Woudix only smirks like he can see into my heart.

“The answer is no. It was always you and Artain. It’s always been you and Artain.

Some patterns in our fates repeat themselves.

Thracia always pairs with Samaur. Popelin and Meric are always at odds—sometimes to the point of blades. And of course, you and Artain.”

His words linger as if there’s more there, but I can’t even pretend to guess what it is. A cloud shifts overhead, plunging the hemlock grove into shadows.

I clear my throat and look down at my hands. Gods, the tension is thick as fog.

“I can’t see how I was ever with that ass,” I joke.

Woudix—always so stoic—almost smiles in return. “Let’s just say it was always a love-and-hate relationship between you two. And…” He reaches out to catch one of the loose curls cascading down my shoulder, working it softly between his fingers like corn silk. “You’re different this time.”

The pit of my stomach tightens, though I’m not sure why. He isn’t just talking about the color and texture of my hair.

I’m so damn hopeful that I am different this time.

“You and I,” he continues, “have always treated one another more as true siblings. As…equals.”

My chest sinks with relief. Yes. Yes, that’s it. The connection I feel. How I can tolerate him more than the other fae. He isn’t my brother, not by blood.

But it feels right.

Family.

The word hums in my chest, alive, like something I’d forgotten but never really lost. My pulse snaps—not with fear, but wonder.

My palm suddenly tingles with pins and needles.

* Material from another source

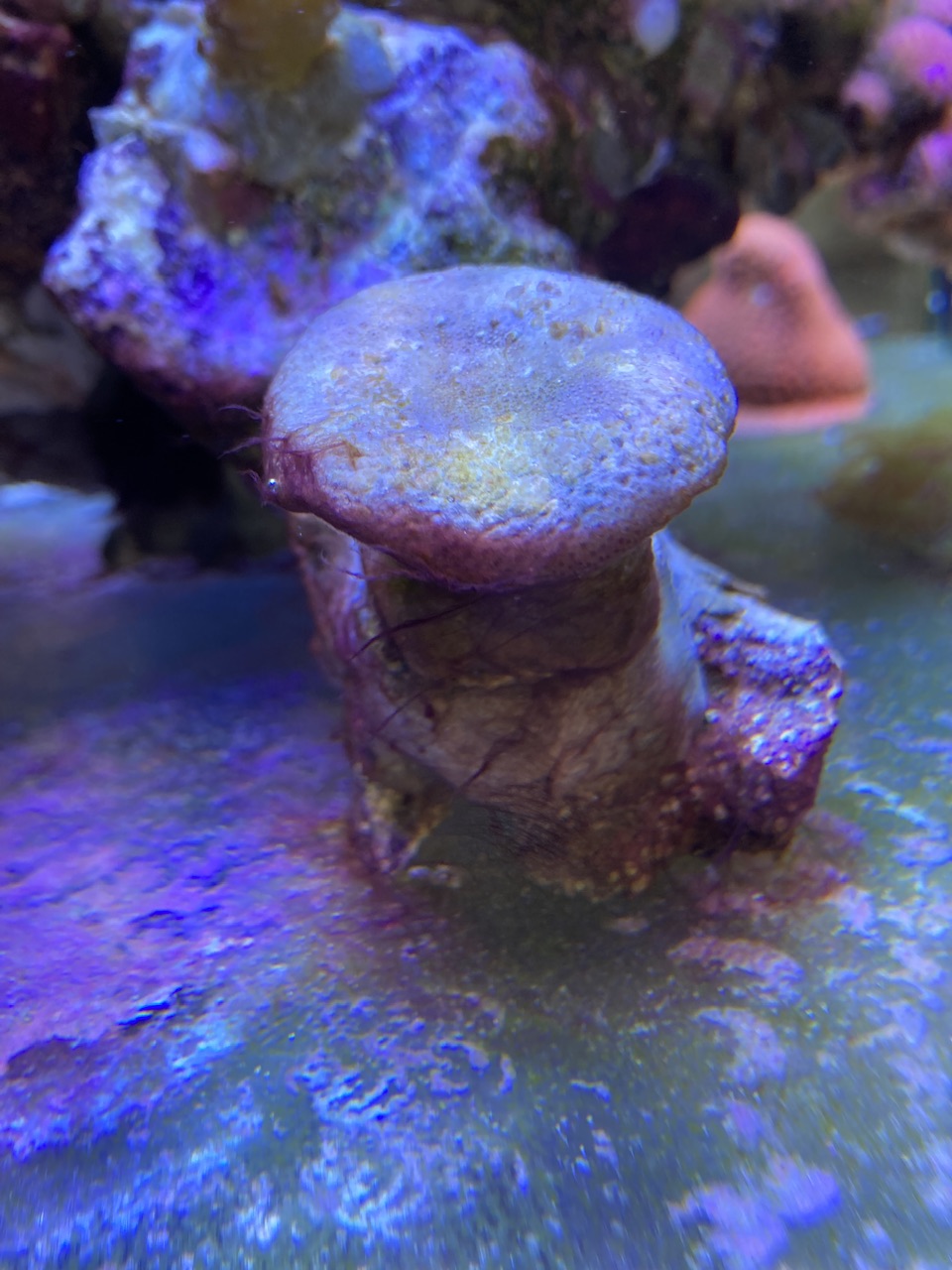 Übrigens diese SPS scheint sich zu regenerieren..bei dem letzen Bild von ihr war das Gewebe weiß …

As a faint tremor shakes the ground, a tendril of greenery thrusts out from beneath my hand. More tendrils weave between my fingers, growing up toward the light with astonishing speed, twisting and dancing with life.

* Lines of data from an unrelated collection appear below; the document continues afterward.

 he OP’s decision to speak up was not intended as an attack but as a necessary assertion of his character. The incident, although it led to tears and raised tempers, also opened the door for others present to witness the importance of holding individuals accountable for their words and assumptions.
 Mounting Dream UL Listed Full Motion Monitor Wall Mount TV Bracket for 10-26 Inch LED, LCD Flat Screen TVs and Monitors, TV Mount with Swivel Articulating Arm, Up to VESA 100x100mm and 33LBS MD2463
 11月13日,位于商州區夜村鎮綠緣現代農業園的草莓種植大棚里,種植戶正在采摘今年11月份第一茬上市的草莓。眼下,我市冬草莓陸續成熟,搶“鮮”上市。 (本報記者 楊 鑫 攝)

A shriek slips out of my mouth. I clap a trembling hand—fey lines blazing silver—over my mouth, gazing in awe at the rice seedling that’s rising from the ground. Tiny threads of roots bury themselves deeper in the soil. Inch by inch, the seedling unfurls until it’s waist high.

Without meaning to, my human glamour melts away to reveal my fae self. All dazzling bright lines, pointed ears, and pin-sharp teeth.

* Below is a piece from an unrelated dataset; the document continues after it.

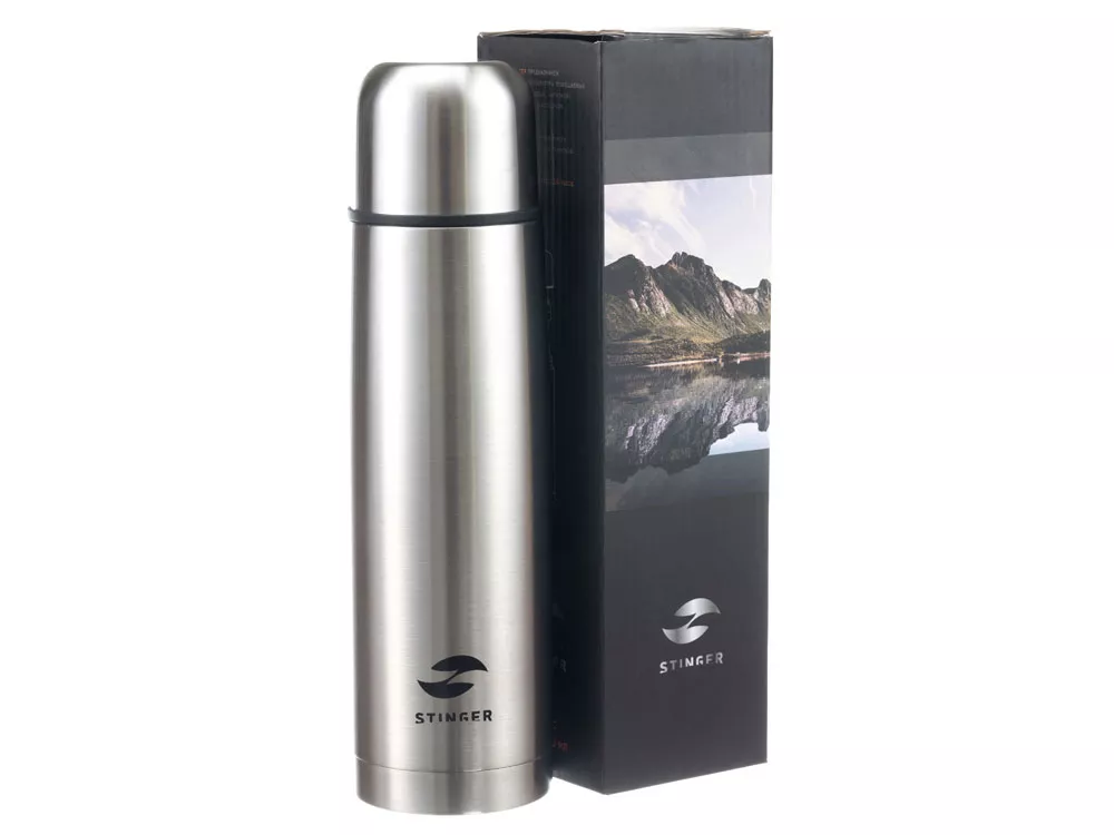 ТЕРМОC STINGER 0,8 л НАЗНАЧЕНИЕ Термос STINGER предназначен для употребления пищевых жидкостей (воды, напитков) как в горячем, так и в холодном состоянии. ХАРАКТЕРИСТИКИ Объём: 0,8 л Вес: 0,452 кг Время сохранения тепла: 24 часа Время сохранения холода: 24 часа Метод изоляции: вакуум Размеры • Высота – 29,1 см • Диаметр горлышка – 4,5 см • Диаметр дна – 8,1 см • Ширина (с учетом ручки) – 13,9 см Тип крышки: винтовая Тип пробки: винтовая крышка-пробка с кнопкой Тип горлышка: узкое Тип подачи наполнения: кнопка подачи/блокировки воды Цвет: серебристый Материалы • Корпус: нержавеющая сталь, класс AISI 304 18/8 Stainless Steel • Колба: нержавеющая сталь, класс AISI 304 18/8 Stainless Steel • Крышка: нержавеющая сталь, класс AISI 304 18/8 Stainless Steel, пищевой пластик, не содержит бисфенол А (BPA free) • Прокладки-уплотнители: пищевой силикон ОСОБЕННОСТИ • Двойные стенки с вакуумной изоляцией отлично сохраняют температуру долгое время, гарантируют безопасность прикосновения к очень горячим и холодным напиткам. • Внешний и внутренний корпус из прочной пищевой нержавеющей стали AISI 304 18/8. • Пластиковые детали не содержат Бисфенол А (BPA FREE). • Герметичная крышка-пробка надежно защищает от случайного открывания и проливания жидкости. • Идеально сохраняет вкус и аромат любимых напитков.

“It grew,” I gasp. “I made it sprout.”

Woudix gives a nod that could almost be considered proud, as he lets my lock of hair slip from his fingers. “Of course you did.”

Before I know what I’m doing, I throw my arms around him with such vigor that he has to lean back, catching himself with one hand planted behind him.

I laugh and cry and sniffle against the hard leather of his doublet, shaped to look like a corpse’s ribs. For once, he doesn’t feel like a cold, distant god.

I feel his breath, feel his chest rise and fall.

Something is returning. Maybe not memories—not yet—but old impulses. Instincts. Habits. Something has shifted here, beneath the boughs, under Woudix’s deft hand. Just look at the rice seedling twisting toward the sun.

Deep in my bones, a quiet thrill thrums.

If this is what is awakening in me…maybe I don’t have to fear the stirring.